Türkiye İstatistik Kurumu ve Türkiye Cumhuriyet Merkez Bankası tarafından gerçekleştirilen tüketici eğilim anketi sonuçlarına göre hesaplanan tüketici güven endeksi, Mayıs ayında 80,51 iken Haziran ayında yüzde 2,7 oranında azalarak 78,3’e geriledi. Tüketici güven endeksi, 0-200 aralığında değer alabilmektedir. 100’den büyük olması tüketici güveninde iyimser bir durumu, 100’den küçük olması ise kötümser bir durumu ifade etmektedir.
Mevcut dönemde hane halkının maddi durumuyla ilgili sorulara verilen yanıtlara dayanılarak hesaplanan endeks değeri, Haziran ayında bir önceki aya kıyasla yüzde 2,2 azalarak 63,8’e geriledi. Aynı şekilde, gelecek 12 aylık dönemde hane halkının maddi durum beklentisi yüzde 4,4 azalarak 79,2’ye, genel ekonomik durum beklentisi yüzde 2,8 azalarak 76,1’e ve dayanıklı tüketim mallarına harcama yapma düşüncesi yüzde 1,6 azalarak 94,0’a düştü.
Tüketici güven endeksindeki bu düşüşler, tüketicilerin maddi durumlarına ve genel ekonomik duruma olan güvenlerindeki azalmayı göstermektedir. Gelecek döneme ilişkin beklentilerdeki bu negatif yönlü hareketler, tüketicilerin harcama eğilimlerini de etkilemektedir. Tüketici güven endeksindeki gerileme, tüketicilerin alım gücünde azalma ve gelecek döneme ilişkin belirsizliklerin etkisiyle yaşanmaktadır.

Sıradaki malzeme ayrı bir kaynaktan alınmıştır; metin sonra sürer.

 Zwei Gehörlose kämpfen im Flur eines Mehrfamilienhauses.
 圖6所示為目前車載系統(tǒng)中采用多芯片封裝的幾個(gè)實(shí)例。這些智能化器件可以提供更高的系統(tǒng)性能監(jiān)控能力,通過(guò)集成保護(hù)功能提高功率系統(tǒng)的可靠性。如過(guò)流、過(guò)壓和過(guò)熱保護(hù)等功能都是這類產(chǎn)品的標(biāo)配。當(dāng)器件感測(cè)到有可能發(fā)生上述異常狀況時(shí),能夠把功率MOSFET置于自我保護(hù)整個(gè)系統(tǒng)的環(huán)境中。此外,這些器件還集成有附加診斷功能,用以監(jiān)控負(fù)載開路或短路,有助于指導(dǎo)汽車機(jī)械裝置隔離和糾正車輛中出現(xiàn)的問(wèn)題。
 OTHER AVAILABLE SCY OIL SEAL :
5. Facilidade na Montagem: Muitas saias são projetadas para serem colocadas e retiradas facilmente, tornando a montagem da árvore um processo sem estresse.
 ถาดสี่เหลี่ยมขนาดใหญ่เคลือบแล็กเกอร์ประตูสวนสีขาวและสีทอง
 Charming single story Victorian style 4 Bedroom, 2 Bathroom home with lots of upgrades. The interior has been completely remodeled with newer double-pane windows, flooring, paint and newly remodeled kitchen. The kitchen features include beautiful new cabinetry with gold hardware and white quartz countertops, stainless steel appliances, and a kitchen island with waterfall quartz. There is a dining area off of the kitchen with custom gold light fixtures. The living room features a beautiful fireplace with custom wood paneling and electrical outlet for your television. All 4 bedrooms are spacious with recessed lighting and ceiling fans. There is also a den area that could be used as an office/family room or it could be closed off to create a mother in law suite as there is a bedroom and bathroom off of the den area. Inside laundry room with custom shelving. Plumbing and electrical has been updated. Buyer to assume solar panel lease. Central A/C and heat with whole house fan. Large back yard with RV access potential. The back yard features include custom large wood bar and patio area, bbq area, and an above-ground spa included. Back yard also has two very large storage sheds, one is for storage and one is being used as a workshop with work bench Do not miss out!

Özellikle maddi durum beklentilerindeki olumsuzlukların, tüketicilerin harcama kararlarını olumsuz etkileyebileceği düşünülmektedir. Tüketici güven endeksindeki düşüş eğilimi, ekonomik belirsizliklerin ve gelir beklentilerindeki zayıflamanın tüketiciler üzerindeki etkisini yansıtmaktadır. Bu durum, tüketicilerin harcama eğilimlerini ve ekonomik aktivitelerini sınırlayabilecek potansiyele sahiptir.

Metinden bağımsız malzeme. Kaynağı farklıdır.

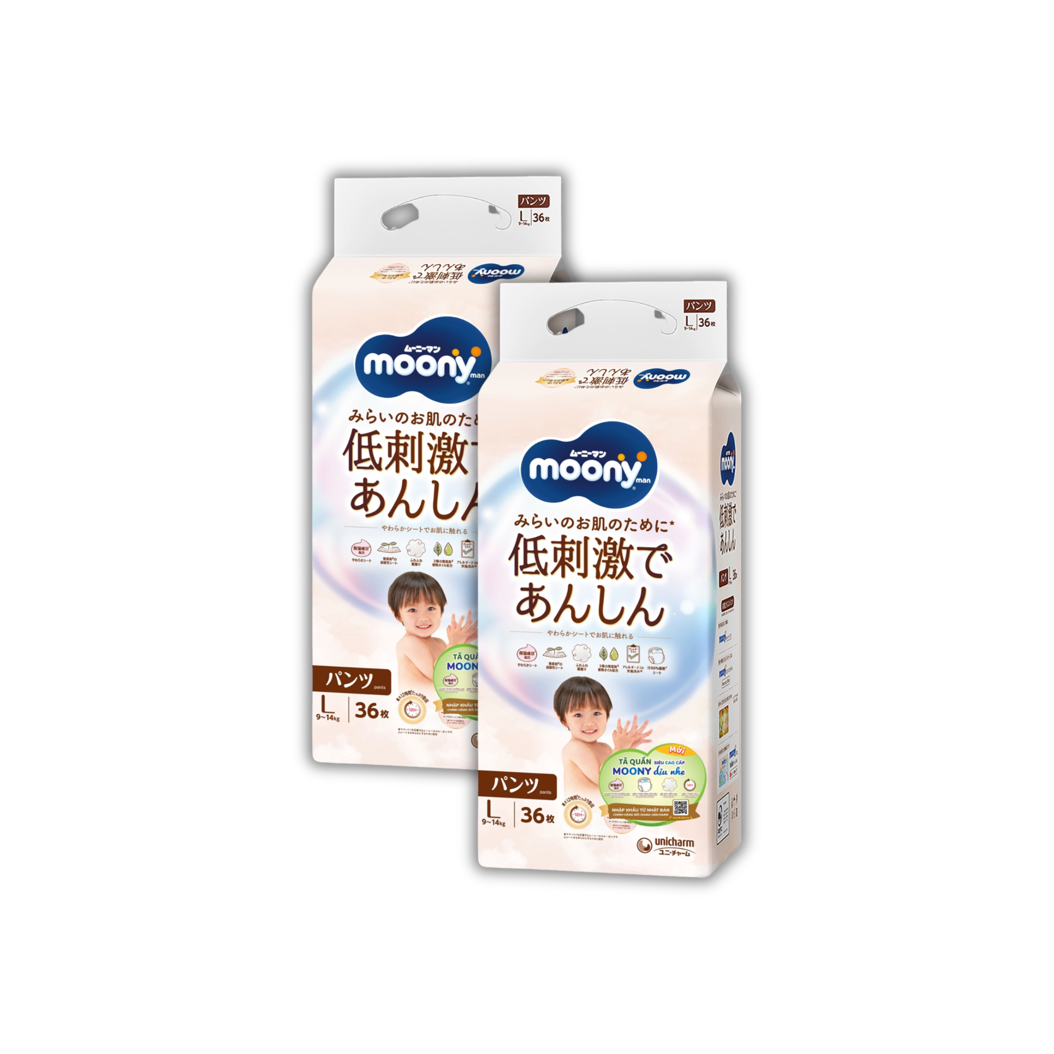 Moony là thương hiệu bỉm hàng đầu tại Nhật do Tập đoàn Unicharm sản xuất. Có mặt trên thị trường gần 40 năm, Moony đã giành được sự tin yêu của các bà mẹ Nhật Bản nhờ những tính năng vượt trội và công nghệ tân tiến với rất nhiều giải thưởng danh giá.

Sonuç olarak, tüketici güven endeksindeki gerileme, tüketicilerin maddi durum ve genel ekonomik beklentilerindeki olumsuzlukların bir göstergesi olarak karşımıza çıkmaktadır. Bu durum, tüketicilerin gelecek döneme ilişkin harcama planlarını ve tüketim tercihlerini etkileyebilecek önemli bir faktördür. Bu nedenle, tüketici güven endeksindeki değişimlerin yakından takip edilmesi ve ekonomik politikaların bu doğrultuda şekillendirilmesi gerekmektedir.